According to Ministry of Agriculture assessments huge numbers of hectares had been totally destroyed by the January floods. Unfortunately the very lovely Ministry of Agriculture have a few ulterior motives when reporting crop damage, so we were there to do our own assessment. Unlike in the health sector, where Malawi’s 28 districts are divided into Traditional Authorities (TAs), in agriculture the districts are divided on geographical, not political lines, which results in about 5 or 6 EPA (Extention Planning Areas) per district. We spent a lot of time wandering around fields of half flooded maize, and looking at sand covered rice crops. Why oh why, we pleaded, had these people been advised to plant maize after the first rains?? Why not cassava, rice or sweet potato, which are much more resistant to flooding? At one spot we cowered under a tiny tree for shade and looked out on a field of maize which now looks like a beach. Gradually the whole village came over to us and explained that floods had never happened before in the area since 1997, and that they were 100% reliant on the maize they had planted for food. Luckily most other areas weren’t so dependent on their summer crop (it’s summer here!) and could get by on winter harvests, so there’s no need for food aid. Food aid, in my opinion, can be a hugely dangerous thing.

One night I found myself in a snazzy motel in a place called Nchalo, half way between Chikwawa and Nsanje, with ‘you want regret’ under its sign. Nchalo is your typical Malawian town, strung along a main road with a PTC shop, petrol pump and a whole host of little run-down shops selling very randoms things from bicycle tires to goats (Chester actually bought a goat on the way back). There I sat in a bar drinking a ginger ale next to a guy slowly getting drunk on green Calsberg who asked the same question ever 10 minutes or so.
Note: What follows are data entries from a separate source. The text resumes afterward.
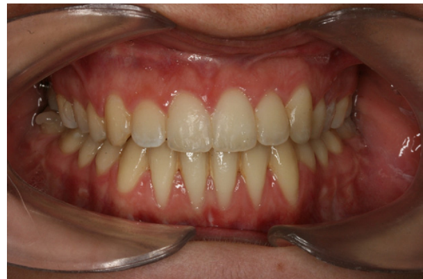
FIGURE 10. Final occlusion at 1 year of follow-up for patient 1.

The "surgery first" concept in orthognathic surgery was introduced by Nagasaka et al 5 in 2009. They reported the correction of a Class III skeletal malocclusion with mandibular setback surgery and subsequent orthodontic alignment with the aid of temporary anchorage devices. The patient did not undergo any previous orthodontic preparation. Because of
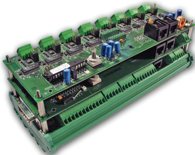
Figure 3. Stackable extension boards - basic, analog, and digital
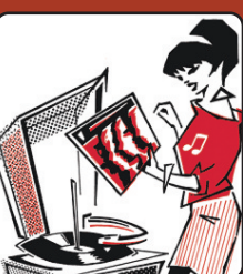
SAT, MAY 13 THE ENGLISH BEAT
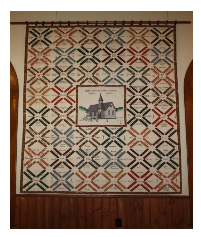
Figure 4. A photograph of the quilt the church members made. This is a 2013 picture of the commemorative quilt. Notice the small marking of each of the family names in the parish.

At the centennial, parishioners from all over the country came back to their home church to celebrate its history. Members of the parish made a commemorative quilt, as shown in Figure 2.
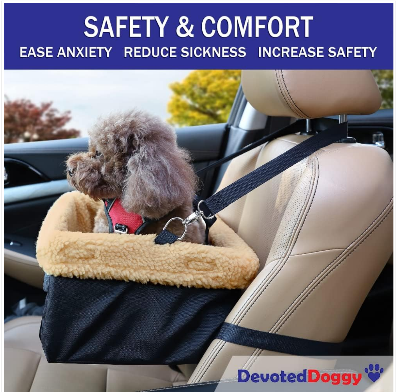
Figure 3: Properly installed car seat with a pet secured, ensuring safety and comfort.

Video 1: Demonstration of the quick and easy installation process for the Devoted Doggy Deluxe Dog Car Seat, showing how to secure it to a car seat using adjustable straps and buckle the pet inside.
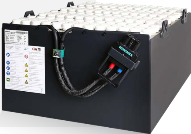
■ Bombardier Traxx AC 3
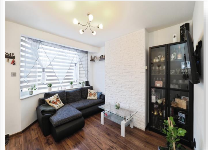
Bottleacre Lane, Loughborough
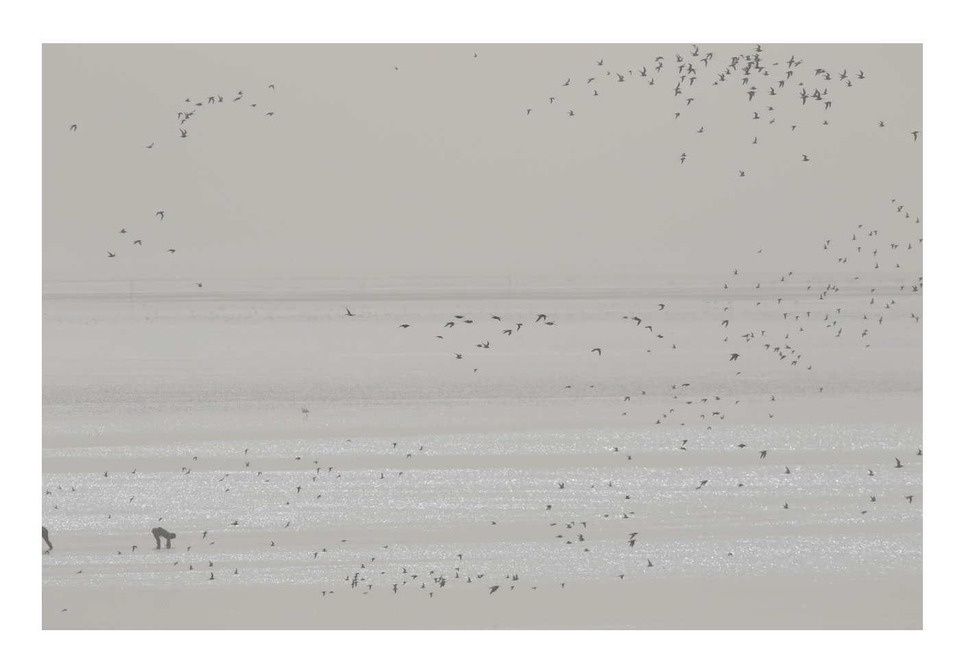
Dakhla Bay is an internationally important site for wintering waders
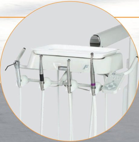
SIDEBOX, MODEL 4295SI (SHOWN) PIVOT, MODEL 4296PI

Rear beneath cabinet unit includes assistant's instrumentation complete with quad holder bar, air/water syringe, and autoclavable standard HVE and saliva ejector.
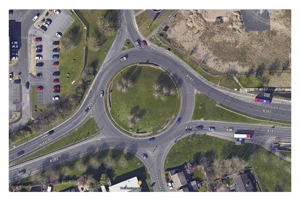
4 - A183 Roundabout junction with Sevenoaks Drive
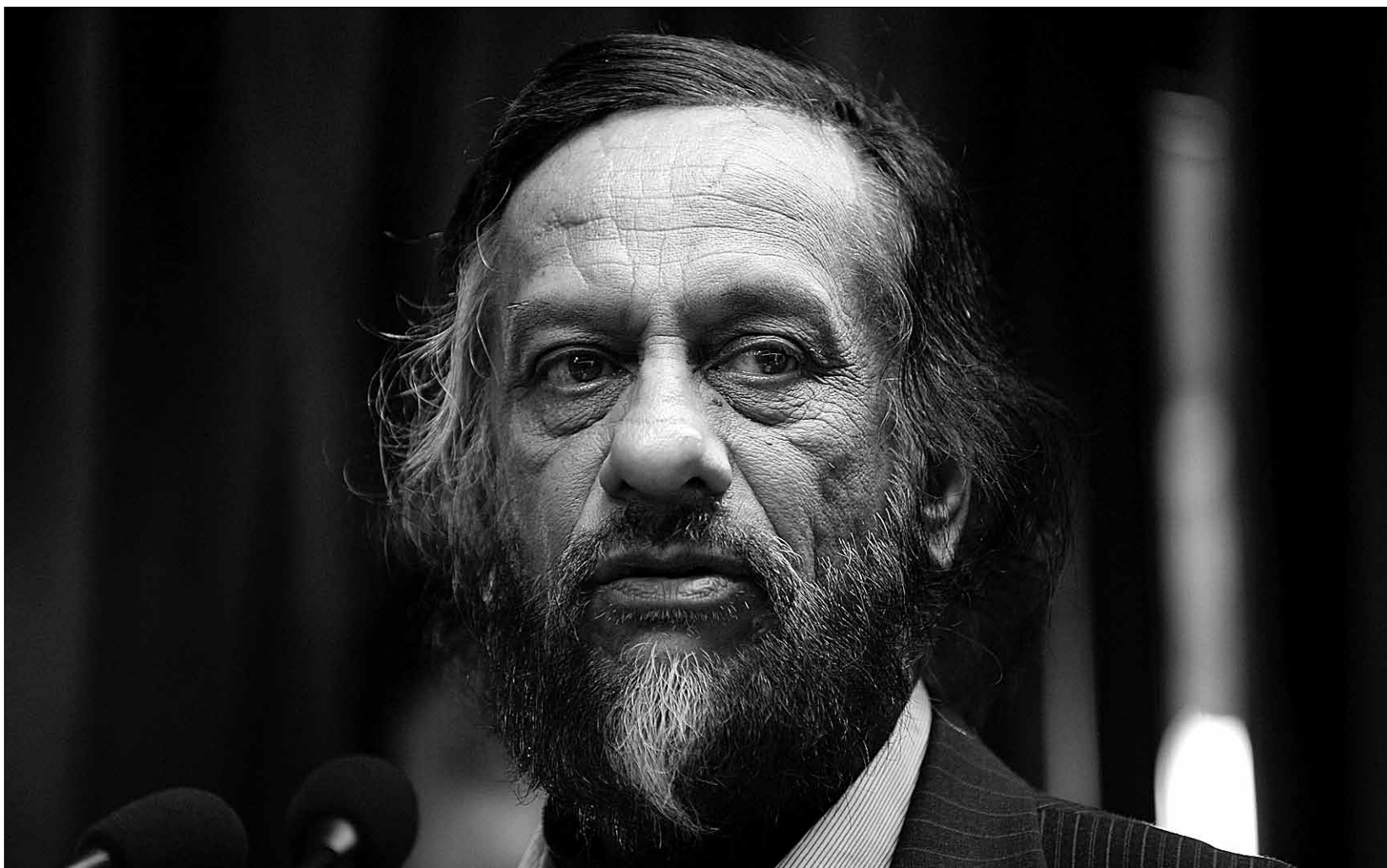
IPCC chair Rajendra Pachauri at a press conference in New Delhi on January 23. Pachauri told reporters that a doomsday prediction about the fate of Himalayan glaciers was 'a regrettable error.'

"Myself and others predicted this would happen and that's why we worked to get rid of [it] 10 years ago," he told CBC News. "If you're going to play around with [genetically modified] crops, once the genie's out of the bottle, once it's in the environment, you can't control it."

Behind the barman’s head was a novelty item: a television with DSTv disk, flashing scenes of As Time Goes By. It had taken some persuasion and the agreement of the entire bar to change the channel to BBC Prime, but the explanation that it would remind me of home made everyone very agreeable. Of course, there followed 100 questions: where was home, what was I doing in the Lower Shire, how long had I been here, which football team do I support??? They were, for the most part, half drunk, and so ecstatic to oblige a white girl who for some bizarre reason was spending a night down in the Lower Shire. So, we sat in the bar till 10pm, by which time the temperature had dropped to a sleep-able 30 degrees.

I wouldn’t want to live in the Lower Shire, although an awful lot of people do. Illovo, the sugar company, has a huge plantation there, and about 30kms of the M1 road travels alongside the sugar cane. Of course, those 30km takes nearly an hour to drive as the road is so bad as to make you feel that your spine is being compacted on every single bump. Nsanje, the last town on the M1, or the first – depending on your viewpoint – promises the exciting Nsanje Port on the Shire River when you enter the town. Unfortunately this hasn’t been built yet, and comments go that why not build a proper road before building a port. At least the promise of the port has brought a baker to the town.

According to my colleagues, I can now say I have seen Malawi. I have traveled the whole of the M1, from the most Southern tip in Nsanje to the most northerly point in Chitipa, covering 24 of the 28 districts. What can I say? Half the time I want to stay for ever in this beautiful, friendly, well meaning country, and the rest of the time I desperately want to come home.